There was none. The incident was detected by a human noticing the next morning that pages did not load. There was no alert, no automated check, and no log-based watchdog that would have escalated.

Remediation

We have shipped a connectivity watchdog (net-watchdog, on a 2-minute systemd timer) that performs an active reachability check against three upstream anycast addresses (1.1.1.1, 8.8.8.8, 9.9.9.9) bound to wlan0. On consecutive failures it executes an escalation ladder:

  1. Observe (one failure can be a packet drop).
  2. nmcli device reapply wlan0.
  3. nmcli device disconnect && connect wlan0.
  4. Restart NetworkManager.
  5. Bounce the wlan0 interface at the link layer.
  6. Reboot, as a last resort, after ~24 minutes of confirmed unreachability.

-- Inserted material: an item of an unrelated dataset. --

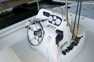 The console is well thought out, with good access and room for three batteries underneath: one to handle cranking the engine, one to run the livewell and bubbler system, as well as any electronics, and one as a trolling-motor battery when that option is selected. There are three vertical rod holders on each side of the console for quick access and easy storage while fishing, and the cushioned forward console seat houses an 18-gallon aerated livewell. The business side of the console has a panel for flush-mounting electronics, a side-mount binnacle control to save dash space, and a gauge cluster that’s easily read in front of the helm. A wraparound windscreen and handrail fit the console and boat nicely. The console seat is a 72-quart cushioned cooler with a flip-flop backrest, so you can sit facing aft when drifting and lean back.
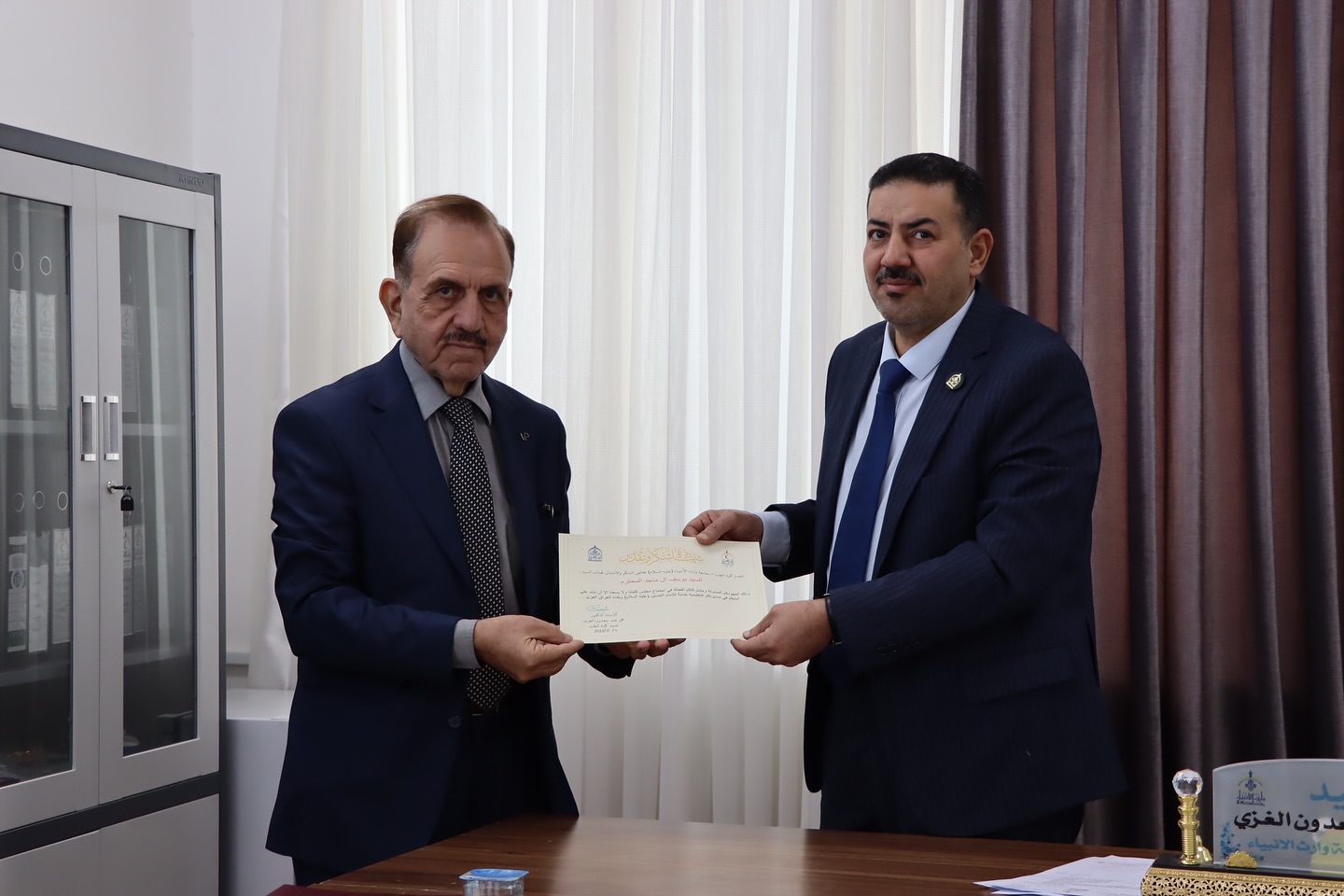 At the conclusion of the meeting, the Dean of the College, Professor Dr. Ali Abdul Saadoun Al-Ghazi, presented letters of thanks and appreciation to the representatives of the Karbala Council of Elders in recognition of their active participation and contribution to supporting the academic and medical development of the University.

All actions log to the journal under the net-watchdog tag.

Worst-case time-to-recover under this design is ~24 minutes, down from “however long until a human notices.” We consider this acceptable for the operating environment (a home server, one human, no SLA), but it is not zero, and we will continue to look for ways to reduce it.

What we’re still not doing

  • We are not yet alerting off-host when the watchdog escalates. If the recovery itself fails (e.g., the WiFi driver is wedged at the kernel level and an ip link bounce doesn’t help), the only signal will be that the host stops responding entirely — which is, again, “human notices the next morning.”
  • We have not addressed the upstream cause. The router presumably will do whatever it did again. The Pi must remain resilient to it.
  • We have no second physical link (no ethernet). The watchdog cannot route around a failed radio.

We do not, at this time, plan a global incident review.